THE TASK:
Below are records with pictures. Reproduce exactly the lines from the line with "タイトにフィットする身頃と、" to the line with "Kraft-Schoneinsatz-Satz | extra", inclusive, and leave each picture out.

DATASET EXTRACT:
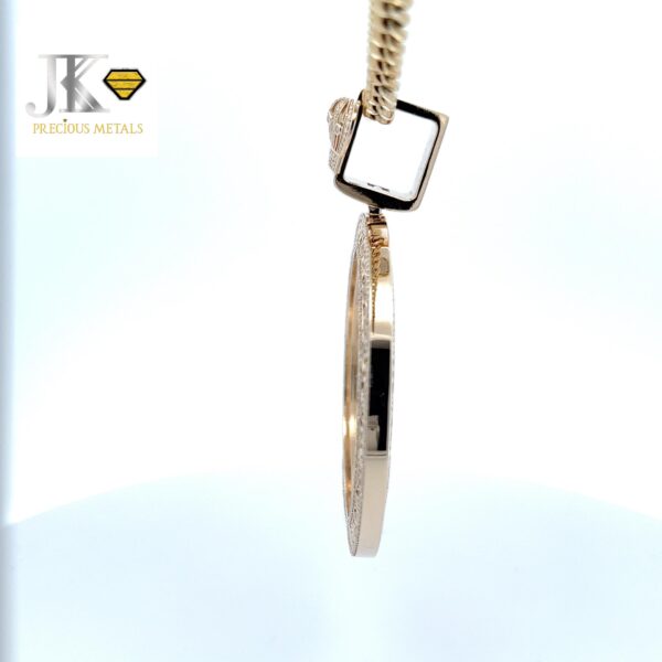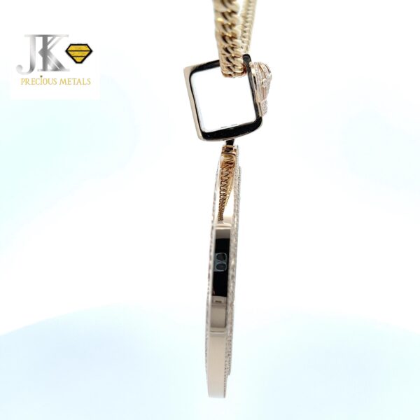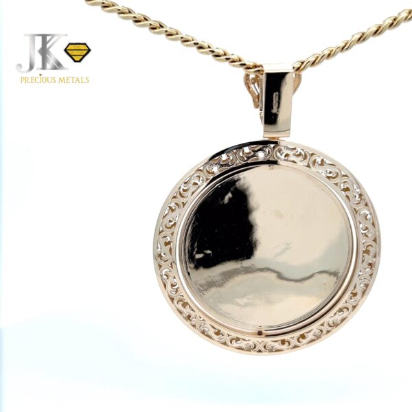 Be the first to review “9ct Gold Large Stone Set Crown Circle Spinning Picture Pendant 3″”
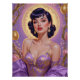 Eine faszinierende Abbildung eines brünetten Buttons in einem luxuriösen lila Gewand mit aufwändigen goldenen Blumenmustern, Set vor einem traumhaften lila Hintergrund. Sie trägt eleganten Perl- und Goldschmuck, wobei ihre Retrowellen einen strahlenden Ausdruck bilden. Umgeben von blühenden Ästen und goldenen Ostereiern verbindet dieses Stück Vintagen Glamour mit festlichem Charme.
==
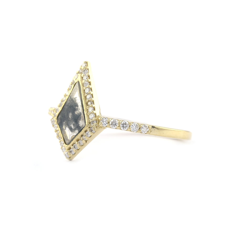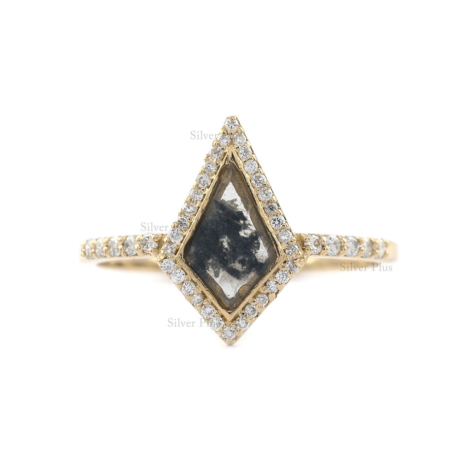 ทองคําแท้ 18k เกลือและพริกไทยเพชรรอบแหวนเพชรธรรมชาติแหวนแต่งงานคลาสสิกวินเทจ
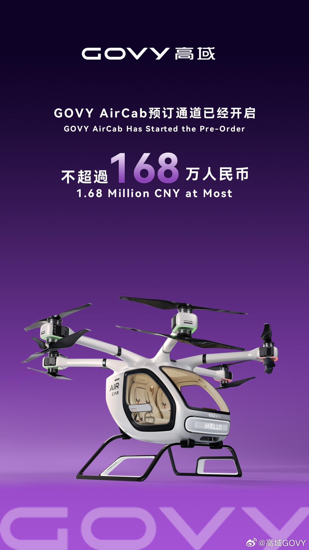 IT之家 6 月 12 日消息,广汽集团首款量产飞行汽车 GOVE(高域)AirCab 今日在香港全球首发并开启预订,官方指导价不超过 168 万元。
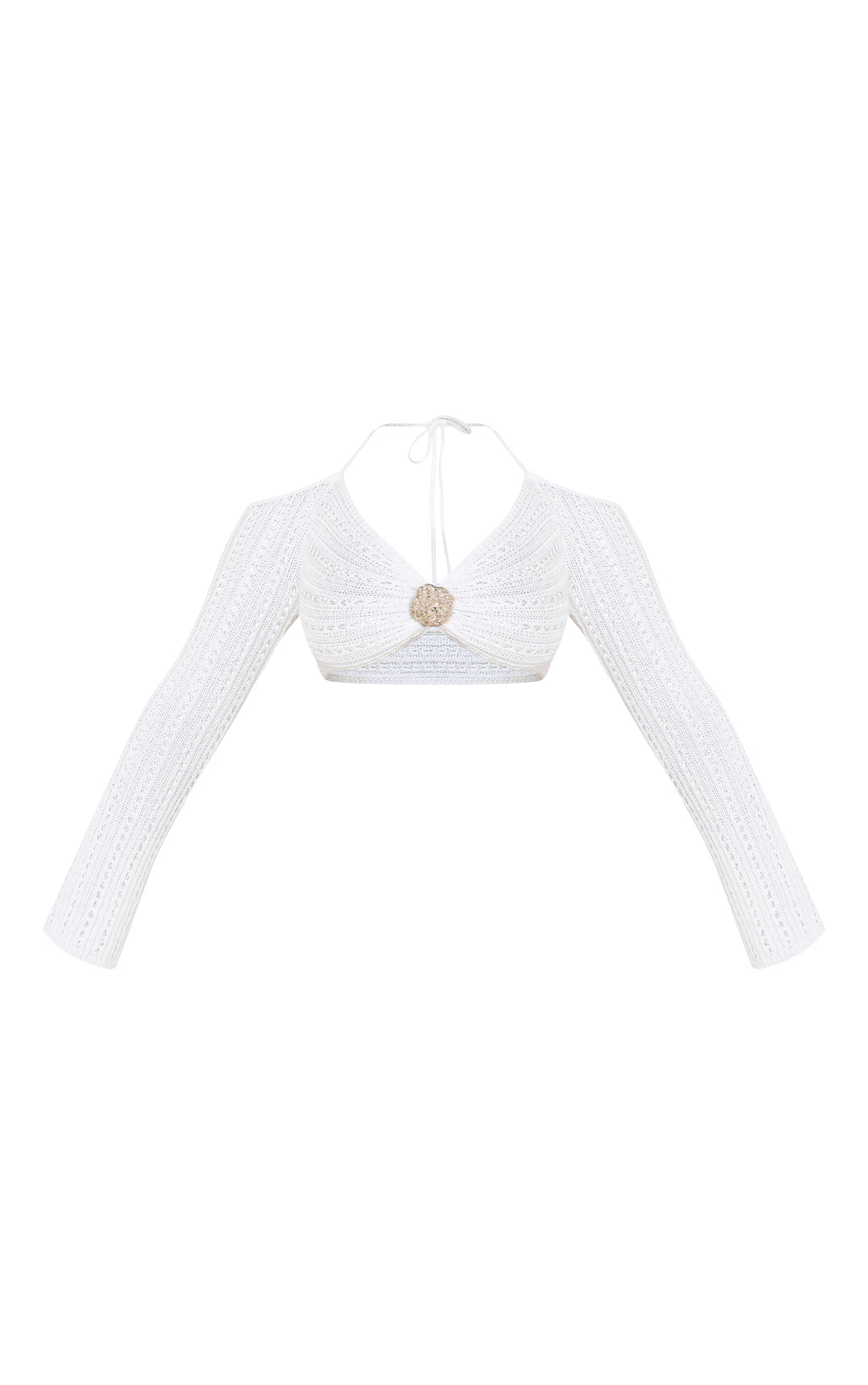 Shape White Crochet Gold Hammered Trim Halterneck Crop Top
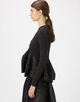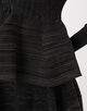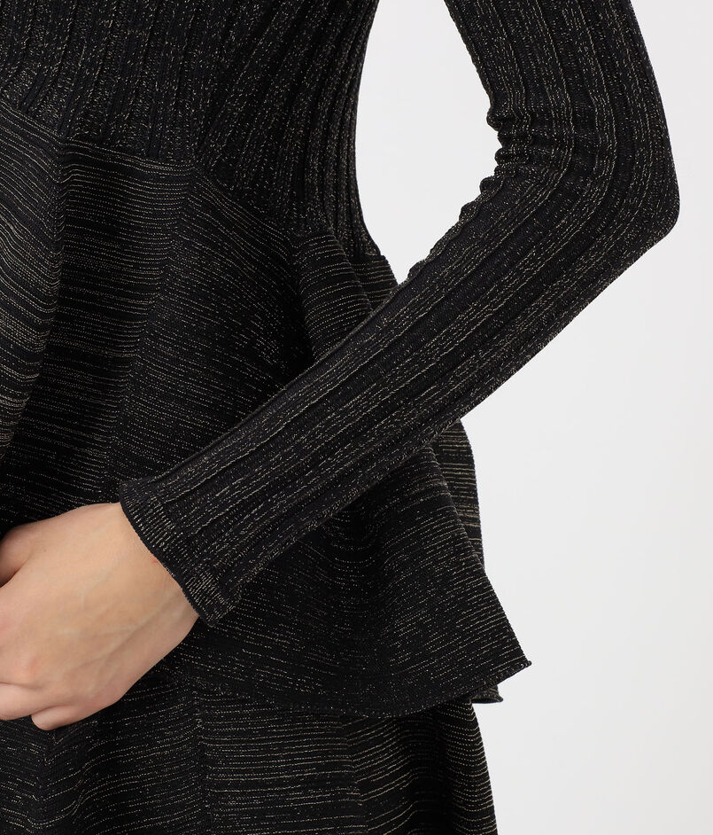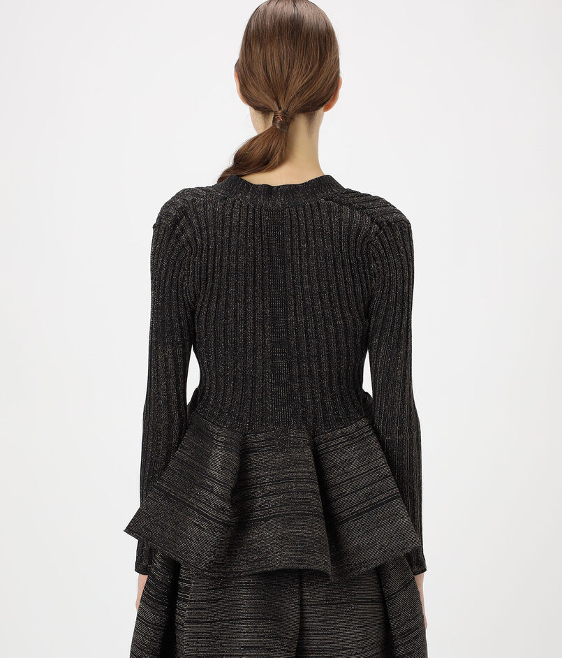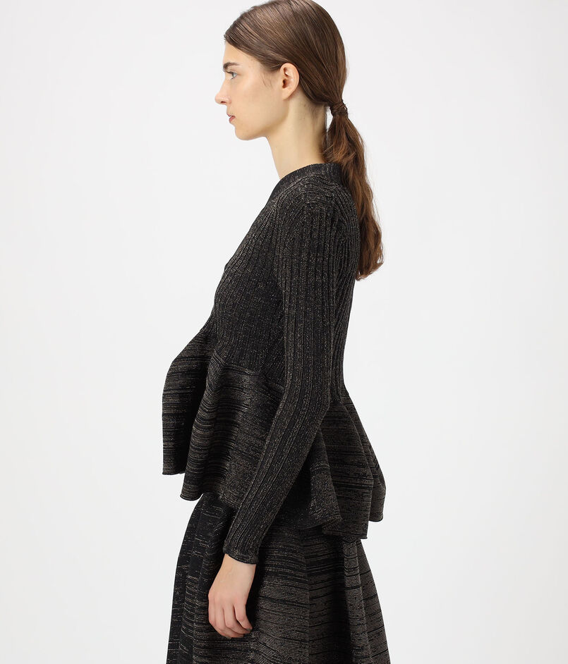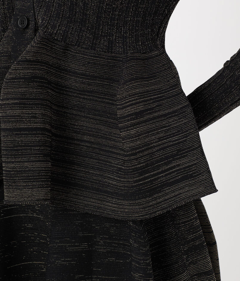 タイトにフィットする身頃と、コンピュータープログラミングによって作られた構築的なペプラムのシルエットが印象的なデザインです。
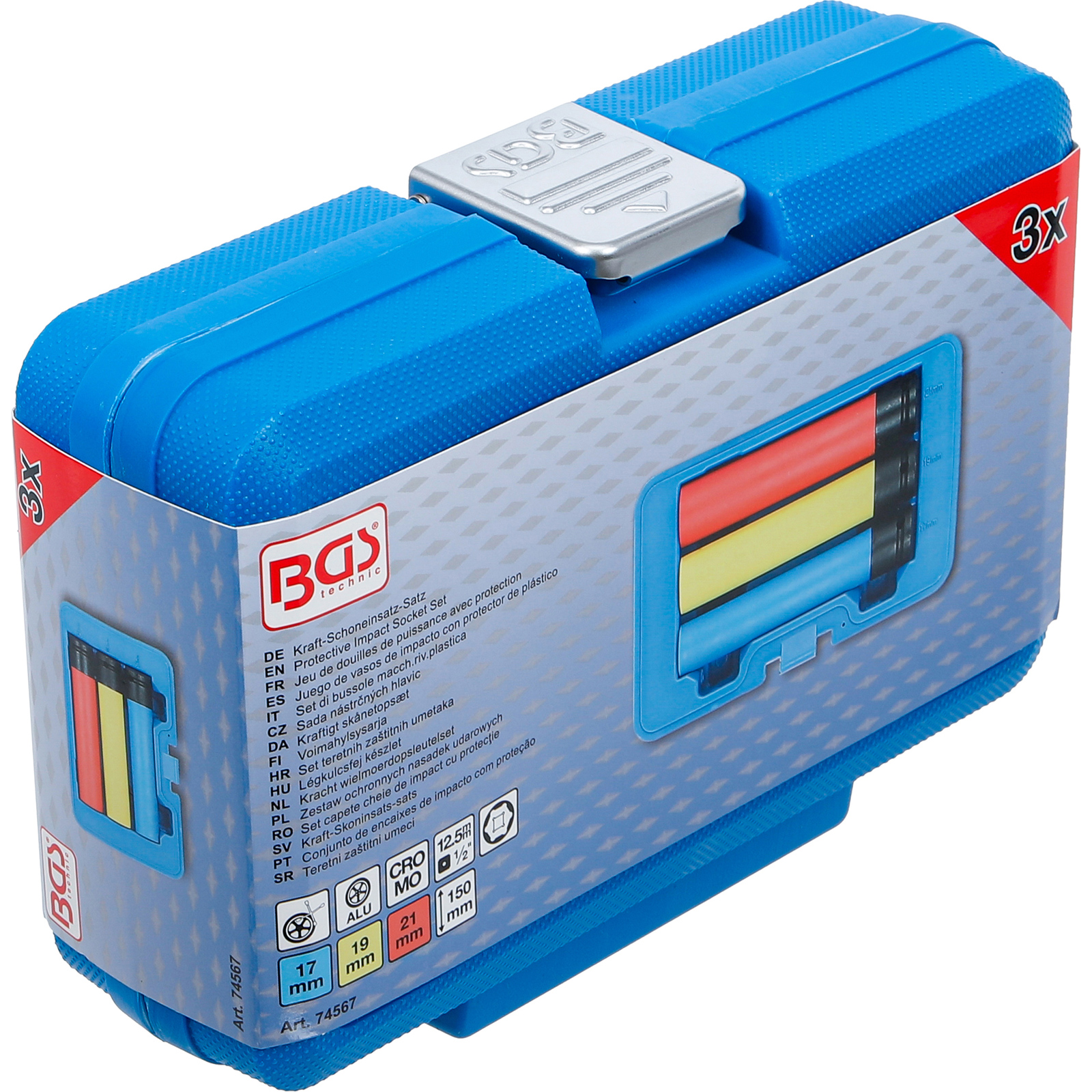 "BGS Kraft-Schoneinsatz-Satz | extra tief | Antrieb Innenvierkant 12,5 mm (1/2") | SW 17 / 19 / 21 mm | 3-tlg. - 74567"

ANSWER SECTION:
 タイトにフィットする身頃と、コンピュータープログラミングによって作られた構築的なペプラムのシルエットが印象的なデザインです。
 "BGS Kraft-Schoneinsatz-Satz | extra tief | Antrieb Innenvierkant 12,5 mm (1/2") | SW 17 / 19 / 21 mm | 3-tlg. - 74567"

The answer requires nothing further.